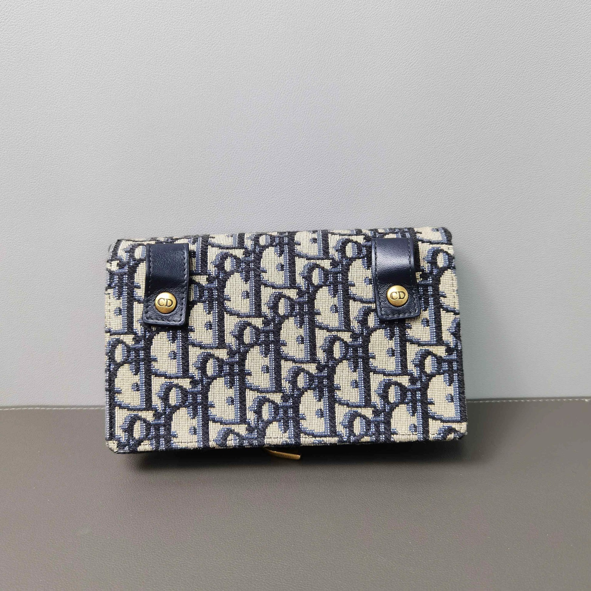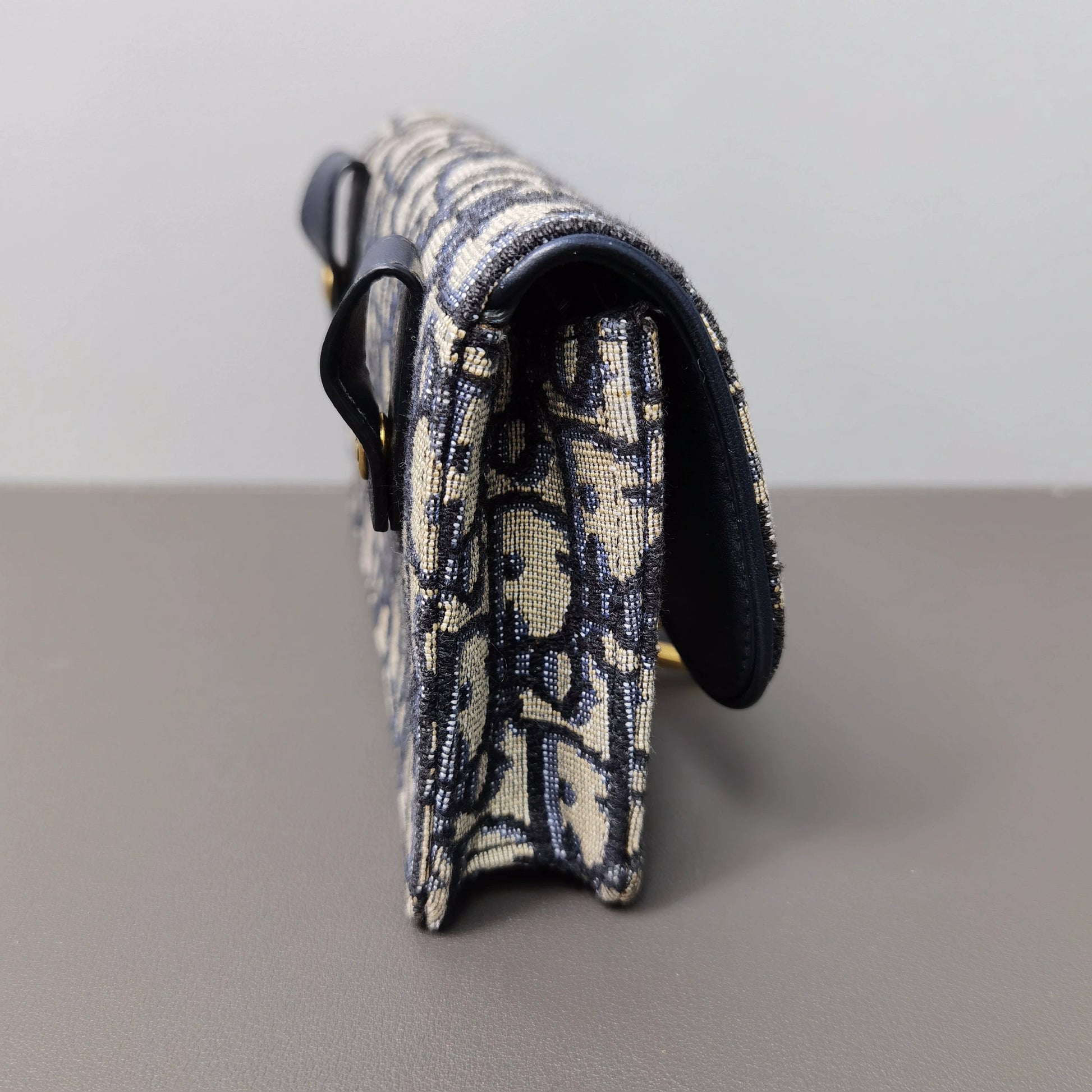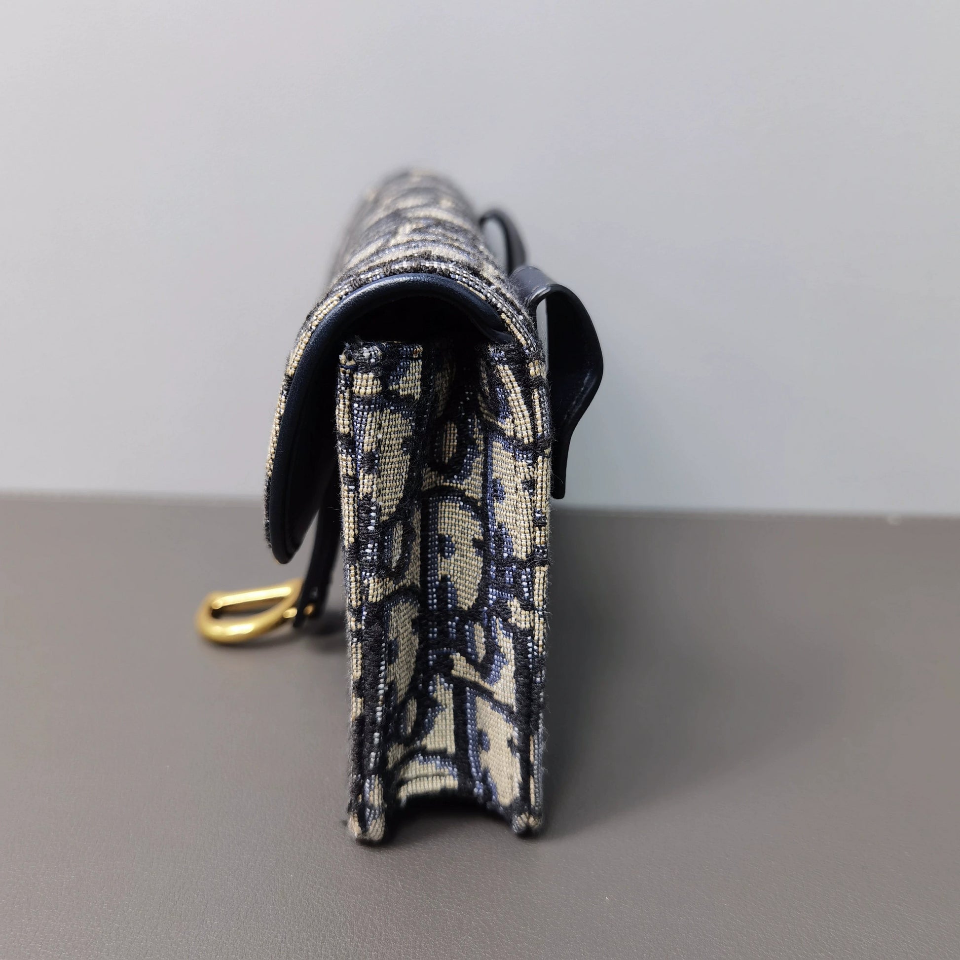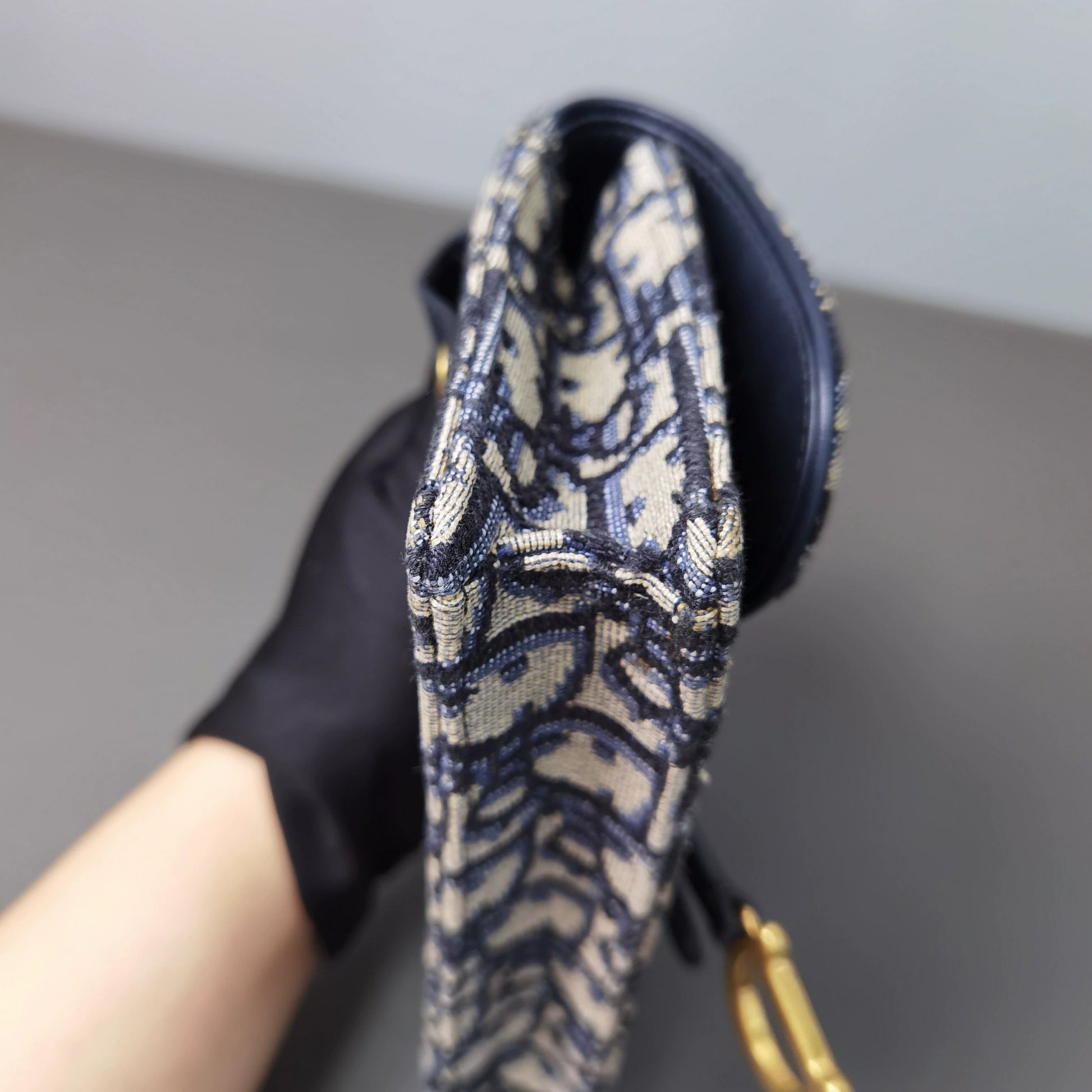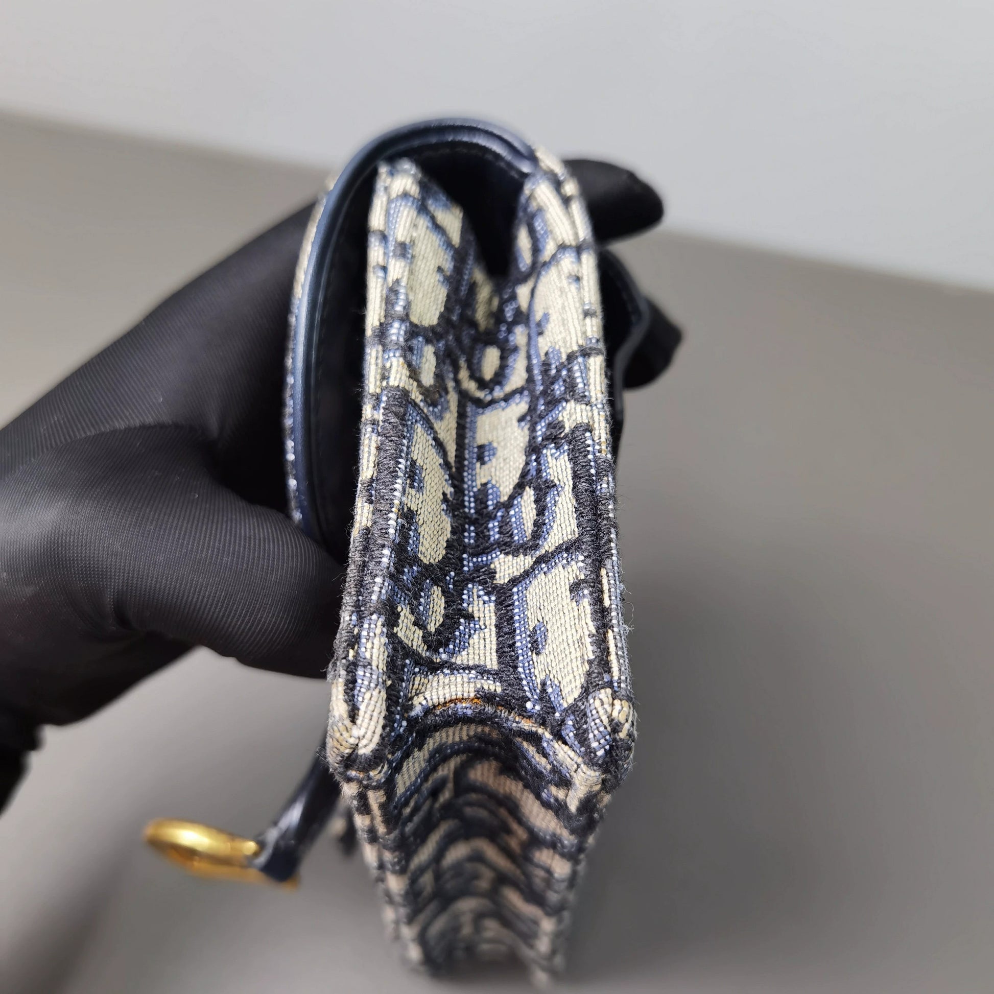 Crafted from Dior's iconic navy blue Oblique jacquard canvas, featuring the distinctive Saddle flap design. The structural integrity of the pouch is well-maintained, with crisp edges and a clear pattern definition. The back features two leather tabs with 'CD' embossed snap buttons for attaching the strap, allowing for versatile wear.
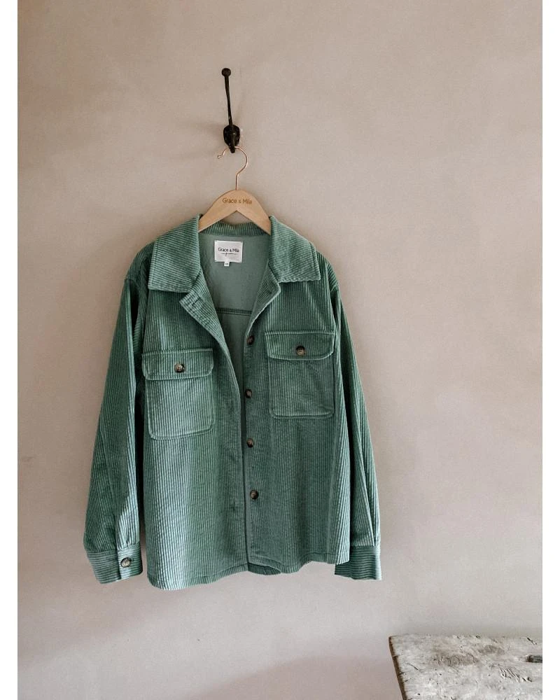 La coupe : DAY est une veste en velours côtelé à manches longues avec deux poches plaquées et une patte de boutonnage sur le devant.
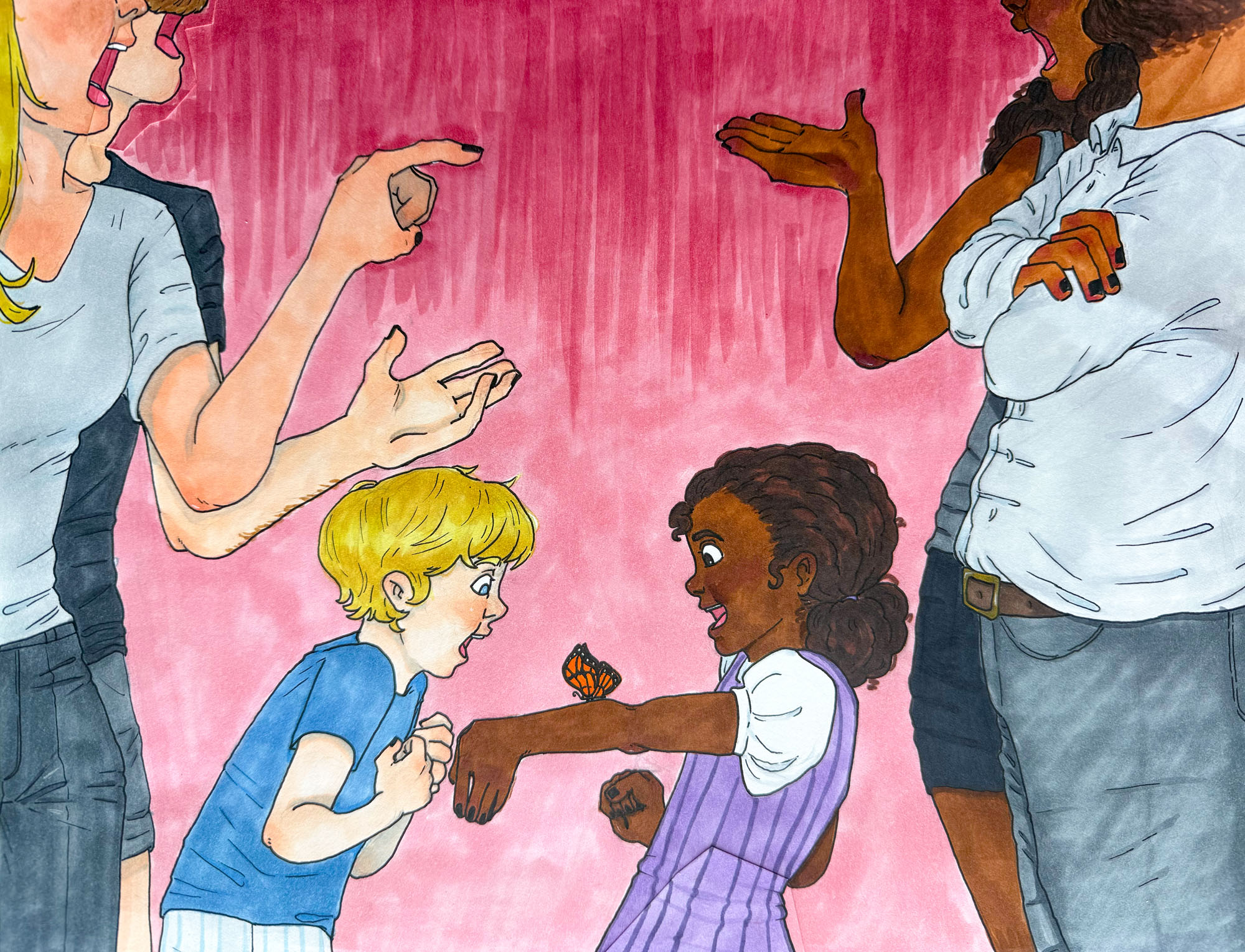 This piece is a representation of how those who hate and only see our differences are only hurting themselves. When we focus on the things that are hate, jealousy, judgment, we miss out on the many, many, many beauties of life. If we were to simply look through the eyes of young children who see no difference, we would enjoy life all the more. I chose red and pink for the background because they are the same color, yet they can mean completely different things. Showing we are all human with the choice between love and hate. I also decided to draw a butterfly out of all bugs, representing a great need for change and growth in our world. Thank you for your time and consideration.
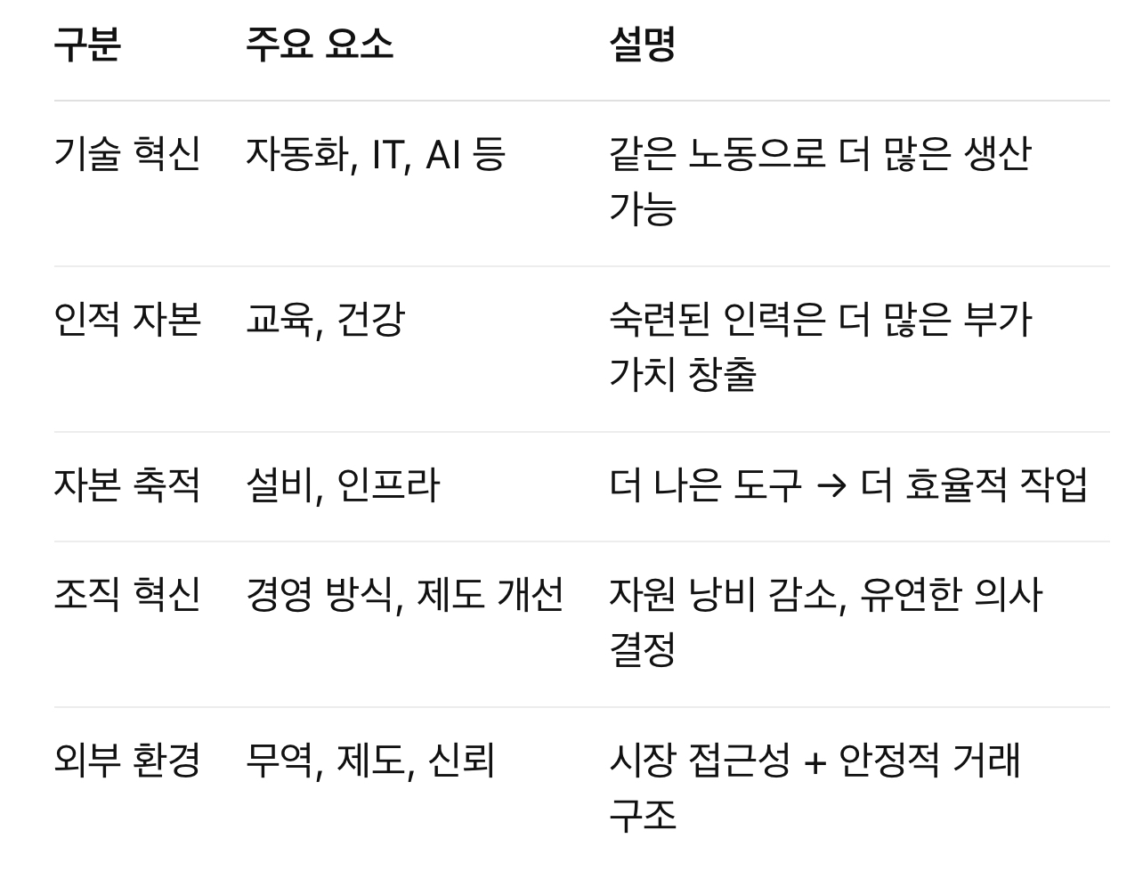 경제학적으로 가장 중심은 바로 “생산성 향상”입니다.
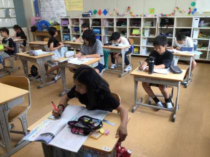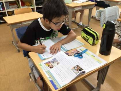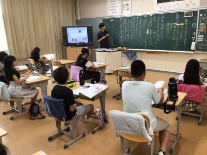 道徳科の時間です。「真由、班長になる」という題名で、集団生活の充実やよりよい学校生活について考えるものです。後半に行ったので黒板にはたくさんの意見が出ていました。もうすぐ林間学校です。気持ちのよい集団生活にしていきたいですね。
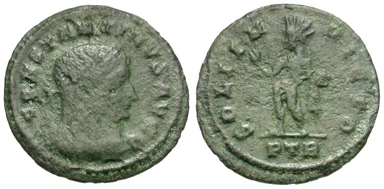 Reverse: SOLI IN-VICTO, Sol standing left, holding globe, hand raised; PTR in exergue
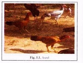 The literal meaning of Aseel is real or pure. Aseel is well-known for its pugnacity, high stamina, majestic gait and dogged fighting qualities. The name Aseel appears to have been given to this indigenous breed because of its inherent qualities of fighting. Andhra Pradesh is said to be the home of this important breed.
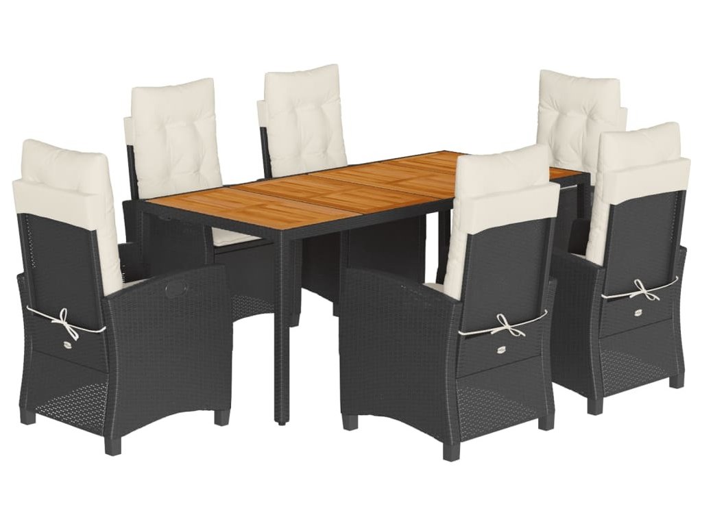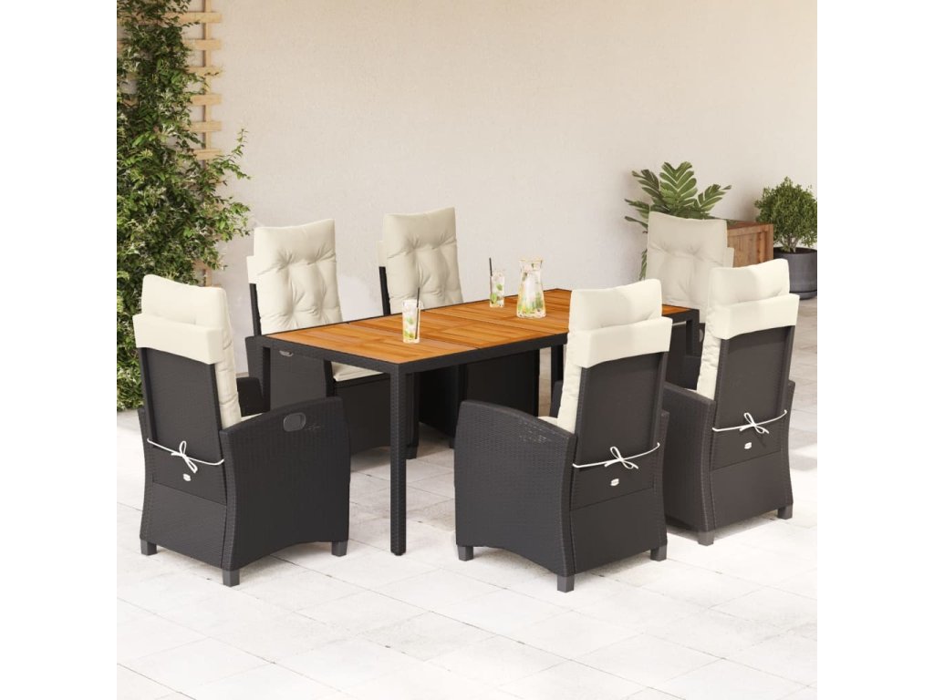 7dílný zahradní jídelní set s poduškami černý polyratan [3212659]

* _Task details_
Your answer must be the exact lines of the records from the first one through the line containing "This piece is", with no pictures in it.

* _Task response_
 Crafted from Dior's iconic navy blue Oblique jacquard canvas, featuring the distinctive Saddle flap design. The structural integrity of the pouch is well-maintained, with crisp edges and a clear pattern definition. The back features two leather tabs with 'CD' embossed snap buttons for attaching the strap, allowing for versatile wear.
 La coupe : DAY est une veste en velours côtelé à manches longues avec deux poches plaquées et une patte de boutonnage sur le devant.
 This piece is a representation of how those who hate and only see our differences are only hurting themselves. When we focus on the things that are hate, jealousy, judgment, we miss out on the many, many, many beauties of life. If we were to simply look through the eyes of young children who see no difference, we would enjoy life all the more. I chose red and pink for the background because they are the same color, yet they can mean completely different things. Showing we are all human with the choice between love and hate. I also decided to draw a butterfly out of all bugs, representing a great need for change and growth in our world. Thank you for your time and consideration.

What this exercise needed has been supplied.